Importantly, the above phylogenies revealed that the tick-associated viruses in each family (except for family Orthomyxoviridae) could generally be classified into two categories (Fig. 3c–i). A category of viruses had so far only been detected in ticks and form separate phylogenetic clades (denoted as ‘tick-specific clades’) in each of the viral families. The other category of viruses, clustering in distinct clades, was not only identified in ticks but was also previously reported in various animals (denoted as ‘non-tick-specific clades’). We found that the tick viruses in non-tick-specific clades had a higher Shannon index of tick species than the viruses in tick-specific clades in 4 out of 6 virus families including Flaviviridae, Nairoviridae, Peribuynaviridae and Phenuiviridae, and a higher Shannon index of ecotypes in 3 out of 6 virus families (Supplementary Table 8). In addition, the viruses in tick-specific clades had a lower phylogenetic association index with tick species than those in non-tick-specific clades (P < 0.05), indicating significant clustering and stronger co-divergence between viruses and tick species (Supplementary Table 8).

Genomic characteristics of tick-associated RNA viruses

Putative genome annotation of the assembled 1,801 complete or nearly complete (Supplementary Table 6) viral genomes summarized here showed a wide diversity of genome architectures (Extended Data Figs. 69). Although most of the tick virus genome organizations were similar to those of invertebrates viruses27,28,29, some of them exhibited extensive variation. Notably, segment or gene loss was mostly observed in tick-specific clades (8/10 clades), such as the lack of glycoprotein or nucleoprotein in the Phenuiviridae, Nairoviridae and Peribunyaviridae families, and the loss of non-structural genes in Rhabdoviridae (Fig. 4). However, only 2 out of 12 non-tick-specific clades had segment loss. These findings imply that the resultant genome deficiency in the tick-specific clade might have limited the viral infectivity to a narrower host range, for instance, due to the lack of glycoprotein for attaching to host receptors. Furthermore, we also found that the gain of non-structural genes mostly occurred in +ssRNA (Botourmiaviridae, Fusariviridae, Mitoviridae, Tymoviridae and Virgaviridae) and dsRNA (Partitiviridae and Totiviridae) viruses. Among them, Botourmiaviridae, Mitoviridae and Totiviridae showed longer genome length, especially in replicase-related genes, some of which were strikingly twice the size of previously documented viruses (Extended Data Figs. 7 and 8).

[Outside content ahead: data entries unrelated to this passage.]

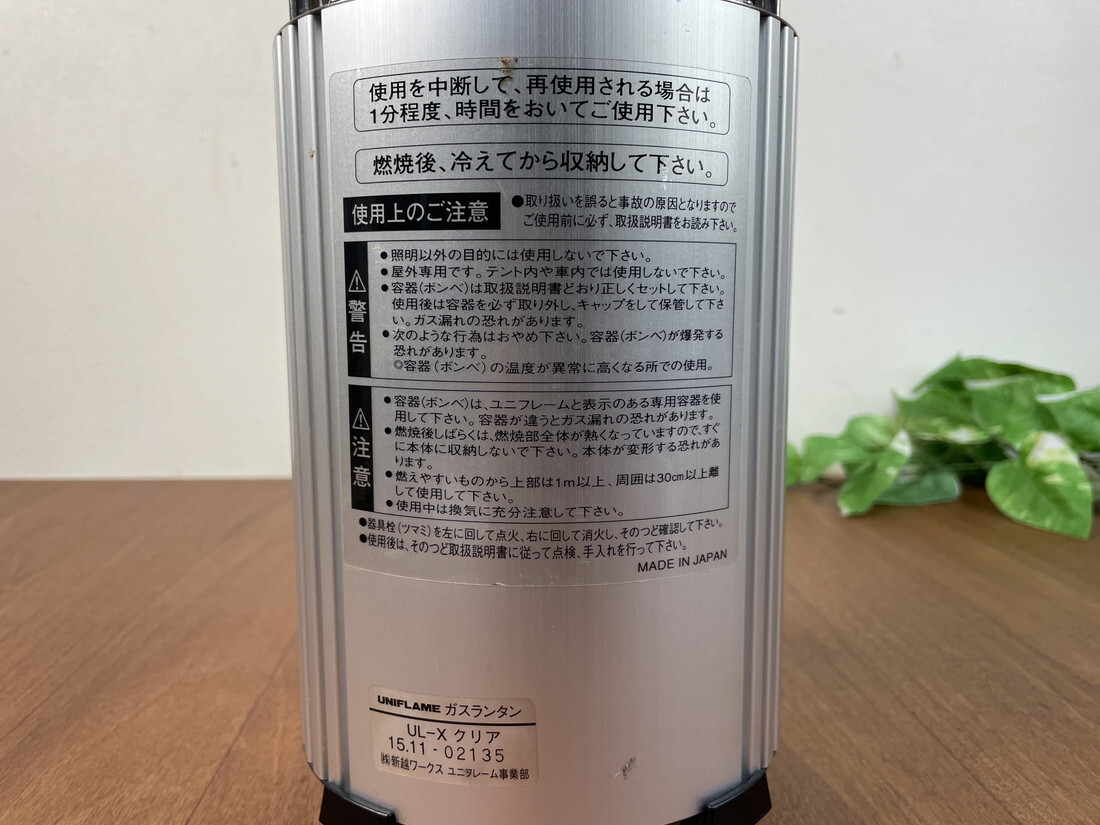 【動作品】UNIFLAME ユニフレーム ガスランタン UL-X クリア 日本製 折りたたみ式 CB缶対応 アウトドア キャンプ用品 照明 管Y1982N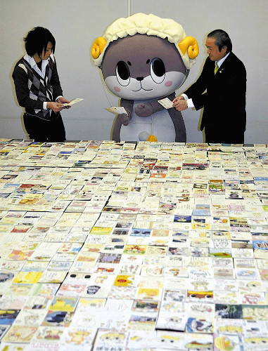 市によると、しんじょう君はホームページやツイッターなどで年賀状を送ってくれるよう呼びかけた。昨年の810通を大きく上回り、全47都道府県だけでなく台湾からも寄せられたという。県内からは最多の214通、次いで東京の149通だった。愛媛の「いまばりバリィさん」など各地のゆるキャラ仲間からも約40通届いた。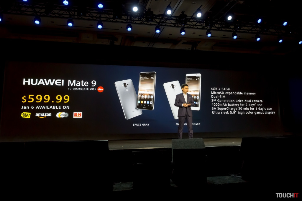 Veľká chvíľa pre Huawei – CEO Richard Yu predstavuje Mate 9 v americkej verzii a za sebou má velikánov IT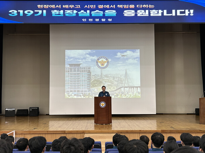 [인천=문찬식 기자] 인천경찰청이 23일 인천경찰청 대강당에서 10주간 현장실습을 앞둔 319기 신임 경찰관을 대상으로 특강을 실시했다.
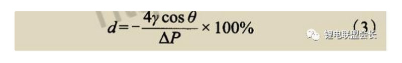 ③根據(jù)在單一孔道中的液體完全由毛細(xì)孔道內(nèi)擠出時(shí)所施壓力與孔道直徑的相對關(guān)系,依照Laplace方程可得隔膜孔徑,Laplace方程如式(3)所示。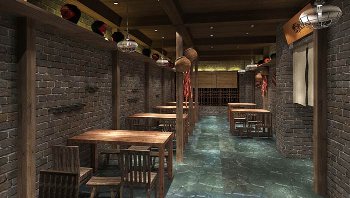 特色燒烤店墻畫設計:墻畫是以山水畫為背景,這樣做是為了將自然很好的融入室內,山巒起伏讓客戶仿佛置身于小村莊一樣,讓客戶享受到不一樣的生活方式。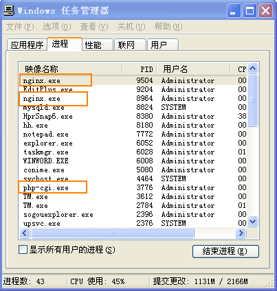 RunHiddenConsole e:/DedeCMS/nginx.exe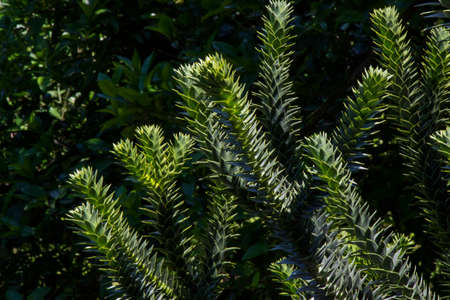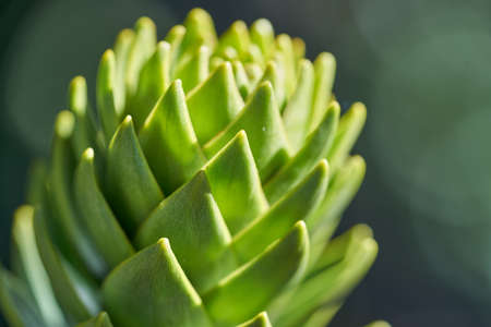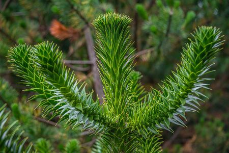Araucaria araucana branch with green lakes. Macro photo of sharp leaves.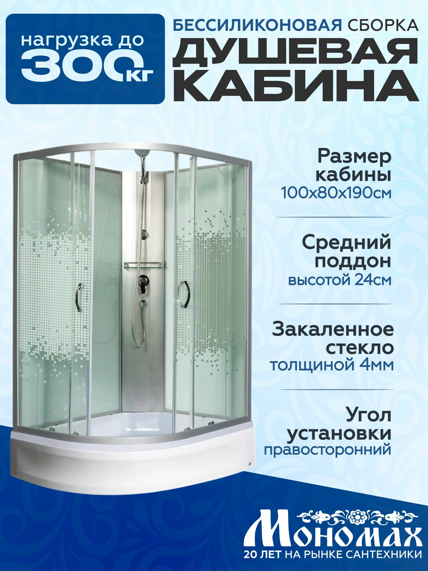 Купить Душевая кабина мономах (100x80) средний поддон, стекло мозаика, правая, без крыши
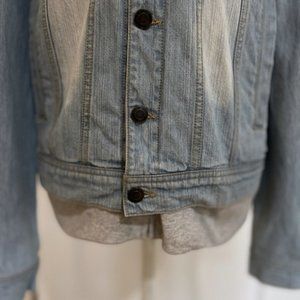 Denim jacket with sewn jersey hoodie sewn trim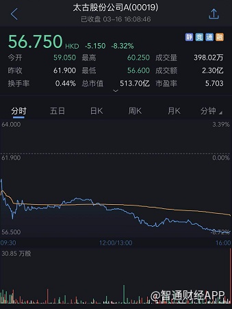 截至收盘,太古股份公司A跌8.32%,报56.75港元。

Fig. 4: Genome structure of tick-associated viruses.
figure 4

The genomes are drawn to a unified length scale. Reference viruses and viruses discovered in this study are highlighted in yellow and blue, respectively. The bottom scale indicates the length of nucleotides. L, RNA-dependent RNA polymerase; G, glycoprotein; M, matrix protein; N, nucleoprotein; VP, viral protein; P, phosphoprotein.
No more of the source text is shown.